Since Louis XV was only five years old in 1715, Louis XIV's nephew, the Duke of Orléans , became regent. The court left Versailles to take up residence in Paris. Thus began a period marked by its liberalisation of institutions, religion and ethics, after the imposed rigour of the last years of the preceding reign. In the words of a popular song, "C'est le joli temps de la Regence / Où l'on fit tout , excepté pénitence" (It's the time of the Regency / When we can do everything, except penitence), but that did not stop Voltaire from being imprisoned in the Bastille in 1717. The ban on Italian comedy, formerly regarded as licentious, was lifted. In the political arena, the upper aristocracy, including one of its most famous representatives, the Duke of Saint-Simon, and Parliament hampered the government, which was helpless both in the face of such blanket opposition to change and in its difficult financial situation, aggravated by the failure of Law's state banking system.
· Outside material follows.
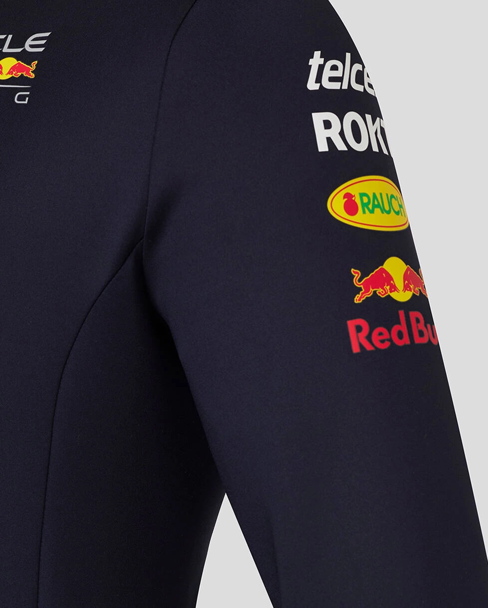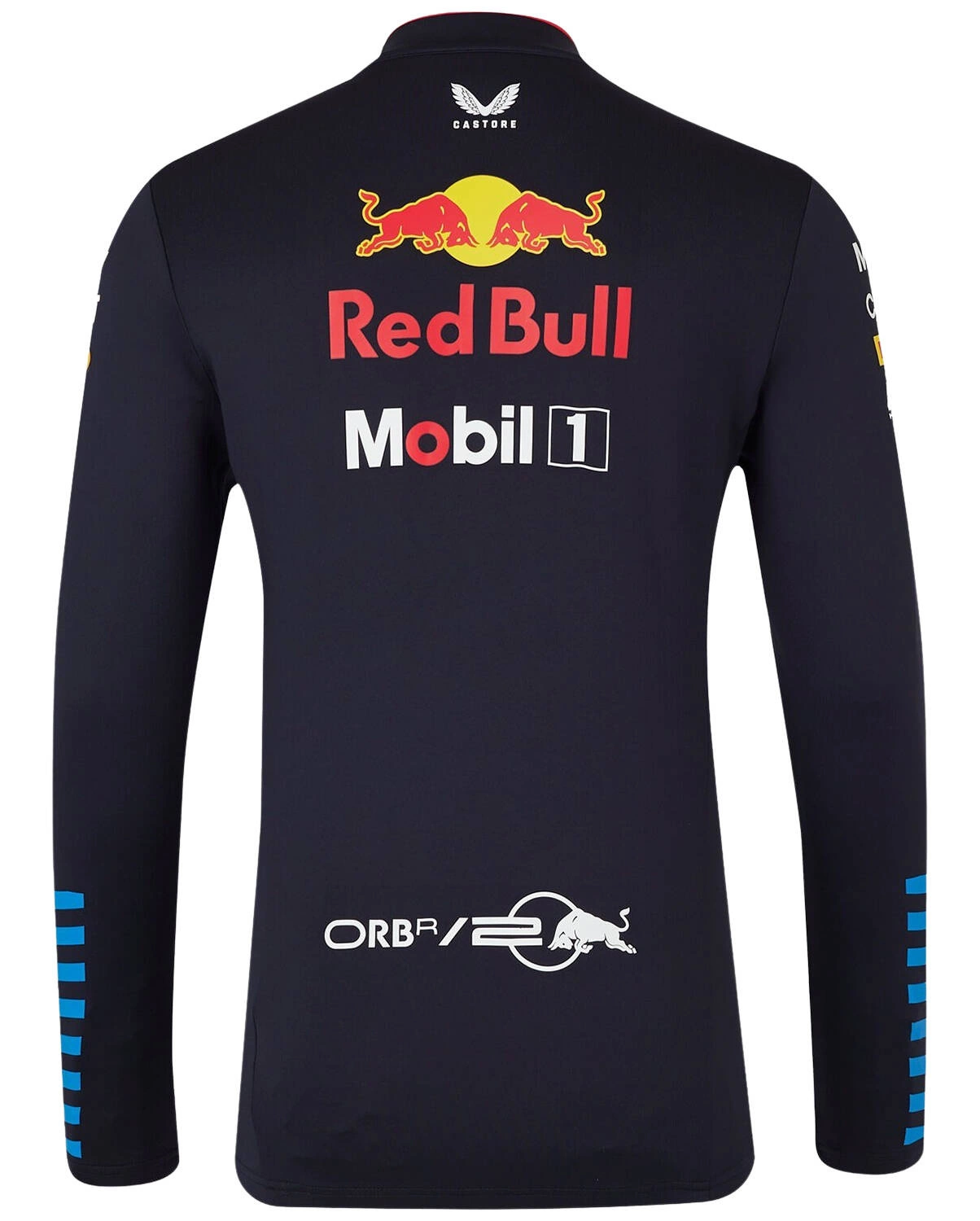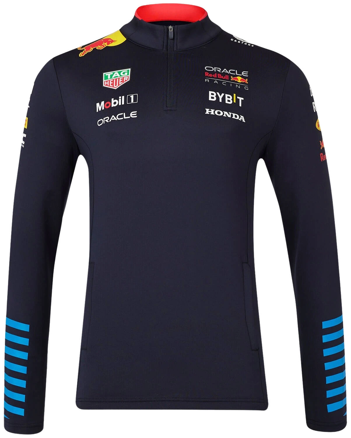 The Oracle Red Bull Racing Midlayer Technical Sweatshirt ensures moisture control by efficiently wicking it away. Crafted from exceptionally soft and breathable polyester fabric, it provides comfort and warmth on cooler days. It retains heat and absorbs moisture generated during physical activity, preventing overheating. Excellently suited as a midlayer or standalone garment for physical activities. The sweatshirt contains the Oracle Red Bull Racing logo and sponsors, as well as a special print on the back commemorating the twentieth season of the team in Formula 1.
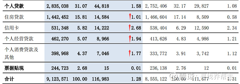 其中个人经营贷1.91,同比大幅上升73个基点,个人消费贷1.77,同比上升65个基点。而这两项的贷款占比也是同比大幅上升的,因此,交通银行逾期贷款率增长的势头看来还得继续啊!

According to the princess Palatine, the regent "loved the arts and, above all, painting." The refined, distant vision of Antoine Watteau and his two rivals, Pater and Lancret, , epitomise the spirit of the day. But, in spite of his excesses, the regent was Louis XIII's grandson and entertained a certain idea of grandeur. He thus appointed Antoine Coypel , the representative of what was then termed the grand genre , to be his First Painter.